By focusing on **pricing trends, discounts, customer ratings, and category demand**, the model will support **B2B lead generation**, helping the marketplace attract and retain more sellers.

---

## Problem Statement
From the dataset, we observe key challenges:
- **Price variability:** Prices (e.g., “KSh 499” vs “KSh 8,900”) vary widely across similar categories.  
- **Discount influence:** Discounts (up to 60%+) strongly affect buying decisions, but optimal discount ranges are unclear.  
- **Category saturation:** Popular categories like *Phones & Tablets* and *Home & Office* are highly competitive.  
- **Seller differentiation:** Some sellers attract better ratings at similar price ranges, showing that non-price factors also matter.  

Sellers need **data-driven insights** on how to enter this competitive environment.

---

## Business Objectives
1. **Lead Generation for B2B Sellers**  
   Use predictive insights to guide new sellers on which electronic products to introduce.  

2. **Price Optimization**  
   Recommend competitive price points by analyzing `current_price`, `original_price`, and `discount`.  

3. **Product Recommendation**  
   Suggest trending product categories (e.g., *Phones & Tablets*, *Home & Office electronics*).  

4. **Trust & Ratings Insights**  
   Leverage `verified_ratings` and `rating_number` to highlight what makes products successful.  

---

## Stakeholders
- **New Sellers (B2B Clients):**  
  Need reliable recommendations on product selection and pricing to gain market entry.  

- **Marketplace (e.g., Jumia):**  
  Gains from attracting more sellers, expanding inventory, and increasing customer satisfaction.  

- **Business Development Teams:**  
  Use predictive reports as a selling point when onboarding new vendors.  

- **Data Science Team:**  
  Responsible for model development and insights reporting.  

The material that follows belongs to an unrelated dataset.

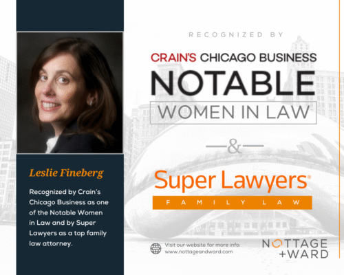 The Chicago divorce and family law attorneys at Nottage and Ward, LLP are proud to announce that our colleague Leslie Fineberg has been recognized by two of the most esteemed institutions in the legal field: Crain’s Chicago Business and Super Lawyers.
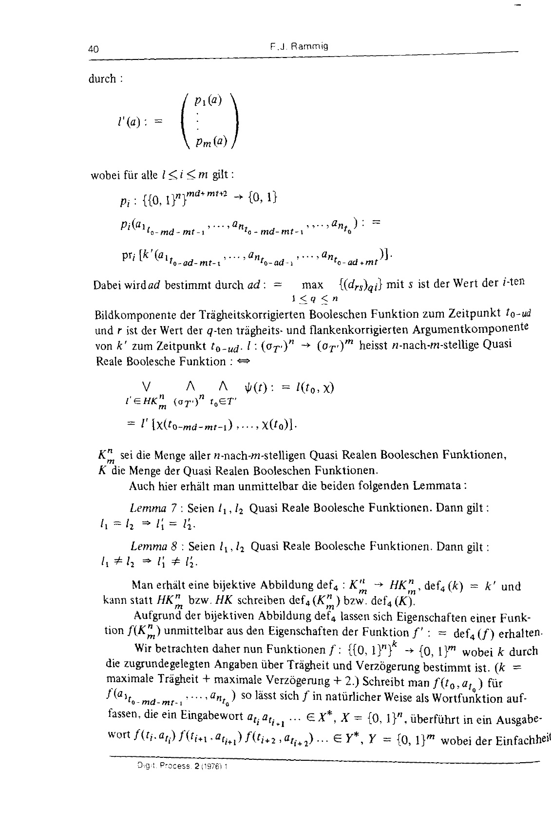 Quasi reale Boolesche Funktionen : ein Versuch, zeitliche Effekte physikalisch realisierter Bauteile zu algebraisieren

- **End Customers (Indirect Stakeholders):**  
  Benefit from fairer prices and better product variety.  

---

## Dataset Description
The dataset contains **scraped product listings** with the following key features:  
- `current_price` → Current listed product price.  
- `original_price` & `discount` → Discount strategy and price reductions.  
- `main_category` → Product category (electronics, fashion, etc.).  
- `rating_number` & `verified_ratings` → Customer satisfaction indicators.  
- `seller` → Seller identity and credibility.  
- `title` → Product details for text-based analysis.  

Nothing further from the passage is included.